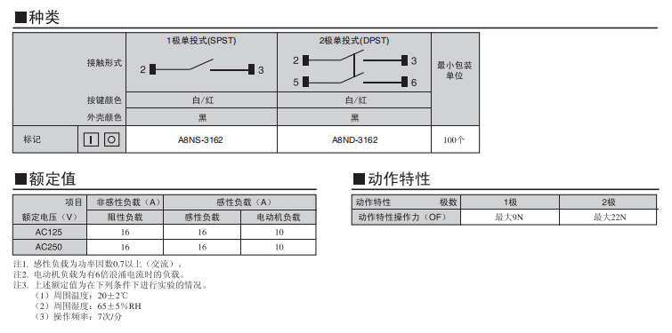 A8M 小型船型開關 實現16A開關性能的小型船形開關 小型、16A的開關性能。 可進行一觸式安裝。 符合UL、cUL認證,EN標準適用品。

::::

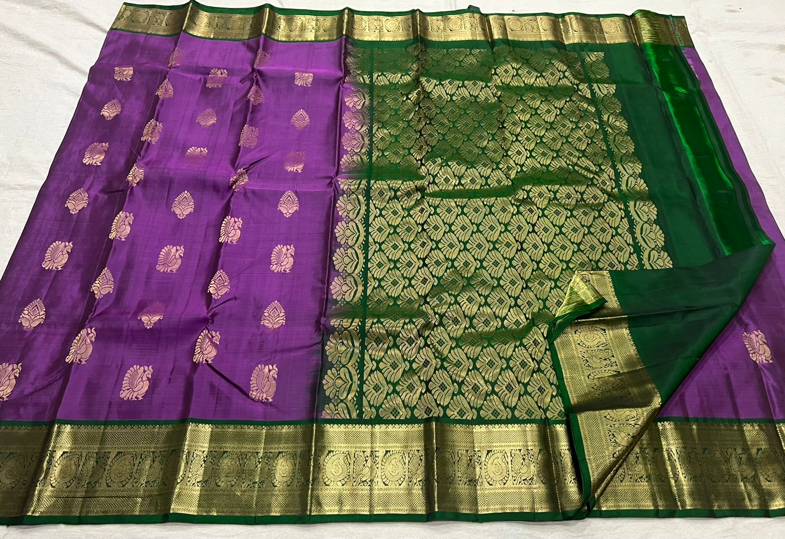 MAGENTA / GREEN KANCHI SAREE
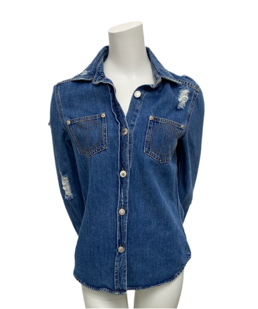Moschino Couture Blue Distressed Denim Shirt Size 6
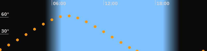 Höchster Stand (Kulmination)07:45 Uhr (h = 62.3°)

::::

Go to the line above that has "Moschino Couture Blue" and copy exactly from there down to the line that has "Höchster Stand (Kulmination)07:45", both included. Leave the pictures out.

Moschino Couture Blue Distressed Denim Shirt Size 6
 Höchster Stand (Kulmination)07:45 Uhr (h = 62.3°)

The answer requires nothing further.